The miners have fans, they have intake fans

and there's thousands of those fans running.

And they actually suck all the ambient air

through the miner,

and then there's an exhaust fan,

it actually pushes the air

through the chips and into the heat aisle,

as it goes through the miner,

it then heats up because the chips,

that's a processing, so it gets really hot.

And then we capture the heat on the inside of the heat wall.

And then it is evacuated out of the building

through a quote-unquote chimney like environment.

[Narrator] Inside the heat aisle,

it literally feels like an oven.

One Whinstone employee estimates that it can get

as hot as 140 degrees Fahrenheit in here.

So the S9 has a hash rate of 13.5 terahash,

the new S19s are 110 terahash.

[Narrator] hash rate measures

how many computations a miner can do,

usually in a second.

So how much money can each miner

potentially make each day?

Currently, A S19 with 110 terahash,

the profitability every day for one machine is 30 USD.

[Narrator] Okay, so 30 bucks, times 30,000 miners,

times two big buildings,

nearly $2 million a day for a facility this size.

[Chad] We have a full staff of 120 employees.

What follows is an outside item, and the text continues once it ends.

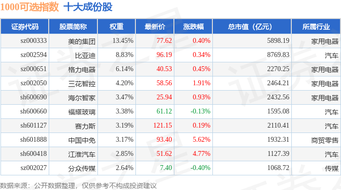 1000可选(399384)指数十大成份股详情如下:
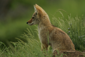 Thinking It Through Yellowstone National Park, Wyoming A Coyote pup eagerly waits for his siblings to follow him from their den for a day of play. This pup ventured 150 feet from the den across a small meadow and up a rocky embankment, where he sat waiting while occasionally expressing his curiosity. |

We work 24 hours a day, three shifts.

[Narrator] There are definitely

some increase efficiencies on the horizon,

such as faster processing chips for the miners,

cooling them in immersion technology,

but at approximately 73 terawatt hours annually,

Bitcoin's energy consumption

is more than the energy it takes to run

every single television set in America.

I think ultimately the energy consumption question

is a bit of a, what is it relative to?

When we looked at our financial system as a whole,

or even just Wall Street, to power Wall Street,

which runs almost entirely off of computation today anyway,

and high-frequency trading algorithms,

when you look at mining just to earn Bitcoin, well,

that's not necessarily so awesome.

[Narrator] According to the Digeconomists',

Bitcoin energy consumption index,

one Bitcoin transaction takes

more than 1500 kilowatt hours to complete.

That's more than 50 days of power

for the average US household.

Bitcoin is what I like to think of as a calculator.

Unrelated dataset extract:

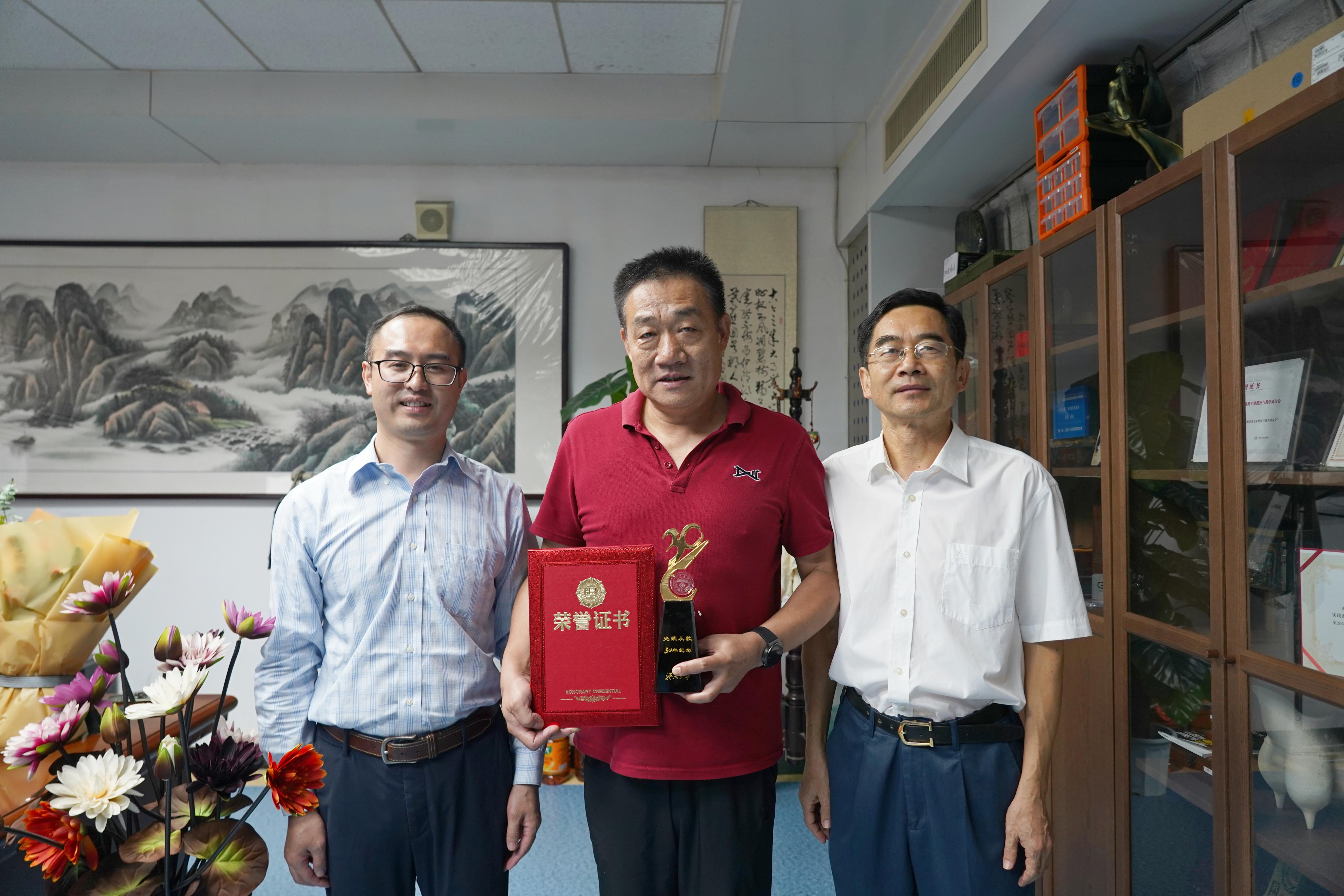 会后,邱鲁军书记和陈贞翔经理代表公司党政领导班子专程看望了原临沂大学董事长、山东省计算机学会理事长、山东省网络环境智能计算技术重点实验室主任杨波教授,为杨波教授送上了“从教三十年”证书和纪念奖杯,并致以节日的祝福,感谢杨波教授为公司发展做出的突出贡献。

So it's this sort of old school,

very clunky system that gets the job done.

And you look at what's happened with newer blockchains,

like Ethereum 2, and DeFinity,

is that they've actually implemented

a totally different system

for essentially doing the same thing,

and Ethereum is upgrading to more energy efficient

way of securing the network.

And the future will be about a lot of these different

internet computers battling it out for adoption.

So you'll see DeFinity Near, Flow, Polka Dot,

all kinds of networks,

really serving as the optimized internet computers,

ultimately value will come from the amount of applications

and tools and things that you can build and do

on top of this computing architecture.

You know, I think all technology

creates energy consumption in certain patterns.

And ultimately what we have to do

is make sure that what we're building

is something that's worthwhile

and that we actually want in our society.